Desterritorialização e perda dos sonhos

Artigo de Arísio Antonio Fonseca Junior, Maria Lúcia Santos Fernandes e Gabrielle Luz

Des-ter-ri-to-ri-a-li-za-ção. Que palavra mais difícil! Pois é, podemos simplificar dizendo que se trata do nome que damos para a ação de saída forçada de pessoas do território em que elas se reconhecem como sendo pertencentes. Isso lembra algo? Bom, quando houve o rompimento da barragem da Mina Córrego-Feijão, diversas famílias precisaram “sair”, não falamos só de sair de casa por questão de algum risco físico à vida, mas também de se verem obrigados a sair da comunidade em que elas viviam e plantaram sonhos, porque perdeu-se o sentido de estar ali. 

Muitas pessoas escolheram viver à margem do Rio Paraopeba, porque ali era o lugar em que teriam tudo – ou quase tudo – de que precisam: água para o lazer, para a irrigação, para os animais; espaço para construir suas casas, para estabelecer o refúgio do dia-a-dia atribulado da cidade grande, para desfrutar a aposentadoria após longos anos de trabalho; tempo para estabelecer uma rotina mais adaptada aos ciclos da natureza, para desenvolver suas atividades de trabalho com tranquilidade, para fortalecer os laços familiares com base em filosofias diversas. 

Foto: Daniela Paoliello/Instituto Guaicuy

A opção por morar em comunidades próximas ao Rio pode ter surgido da vontade de se reconectar à natureza, do desejo de ter o cantinho calmo, da passagem da forma de vida entre gerações de uma mesma família, ou até mesmo por status social. Qualquer que seja o caso, o impacto do rompimento da barragem e a poluição das águas provocaram em muitas pessoas a necessidade de se deslocarem de onde viviam e investiram suas economias, seja para buscar um lugar mais seguro para viver, seja para encontrar trabalho ou emprego, seja para poder recuperar o mínimo de dignidade para elas e suas famílias. Todos foram afetados, desde as pequenas propriedades rurais, perpassando condomínios, até chegar às cidades.  E, o que é tão ruim quanto a necessidade, esses eventos obrigaram as pessoas a fazer uma outra escolha, mais trágica e dolorosa, de saírem dos lugares onde pretendiam ter a experiência de seus sonhos. Por vezes, separações na família foram inevitáveis e a juventude precisou migrar para sobreviver. 

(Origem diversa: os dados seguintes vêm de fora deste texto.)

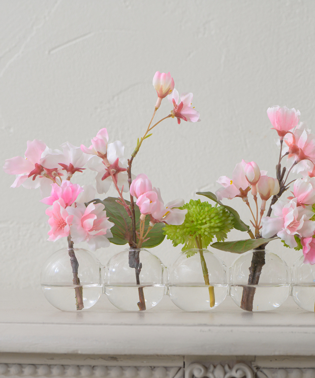 生花では表現しきれない花や葉、茎の動きを自在に描けるのも、アーティフィシャルフラワーならではの魅力。芸術性の高いアレンジメントとして、空間にやさしい春の彩りを添えます。

Algumas pessoas com as quais o Guaicuy conversou deixam muito clara essa situação após o rompimento:

“Eu, minha esposa, filha e neta ficávamos lá. Afastamos de lá porque não tem mais a água de beber. Eu tive que correr para outros lados porque eu não tenho como ficar lá sem água (…) Eu ficava uns dias na cidade trabalhando e ia para a roça. Tive que mudar minha vida, ficar na cidade, ir mudando para a cidade” (Morador/a, DRP Baú, 30.07.2020).

“Eu não quero vender minha casa, sou aposentado, vou fazer o que em Belo Horizonte? Eu quero ficar é aqui!” (Morador/a, Relatório de Trabalho de Campo, Cachoeira do Choro, 30.07.2020).

Desterritorialização. Essa difícil palavra significa muita coisa: famílias que se separam, filhos longe dos pais, relações de amizade que se distanciam, produções culturais que são afetadas, comunidades que se esvaziam, economias que perdem vigor, sonhos que se frustram. E tudo isso porque o Rio foi poluído. O sonho realizado, desencantou.